If $\alpha$ and $\beta$ are the two roots of $x^2+2x+2=0$, find $\alpha^{15}+\beta^{15}$.
Roots: $x=\frac{-2\pm\sqrt{4-8}}{2}=-1\pm i$. So $\alpha=-1+i, \beta=-1-i$.
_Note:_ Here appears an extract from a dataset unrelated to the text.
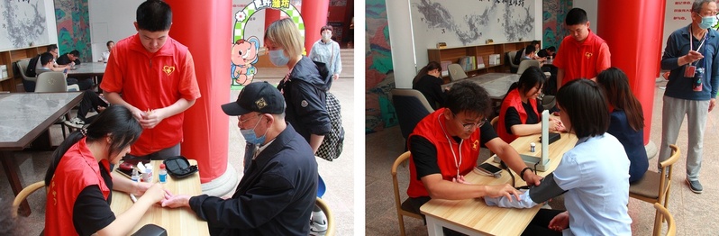 志愿者们为游客和博物馆工作人员测量血糖、血压,并结合护理专业知识为群众个体健康状况提出个性化保健建议;通过细致讲解和实操演示向群众传授心肺复苏与海姆立克急救法的正确操作,同时积极倡导“早预防、早发现、早治疗”的健康理念,引导群众养成科学合理的健康生活方式。

In polar form: $|\alpha|=\sqrt{2}$, $\arg(\alpha)=\frac{3\pi}{4}$. So $\alpha=\sqrt{2}\,e^{i3\pi/4}$.
$\alpha^{15}=(\sqrt{2})^{15}e^{i\cdot45\pi/4}=2^{15/2}e^{i\pi/4}$ (since $45\pi/4=11\pi+\pi/4$, so $e^{i45\pi/4}=e^{i\pi/4}\cdot(-1)^{11}=-e^{i\pi/4}$... careful: $45/4=11.25$, $11\pi+\pi/4$, $e^{i(11\pi+\pi/4)}=e^{i\pi}\cdot e^{i\pi/4} \cdot (-1)^{10}... $)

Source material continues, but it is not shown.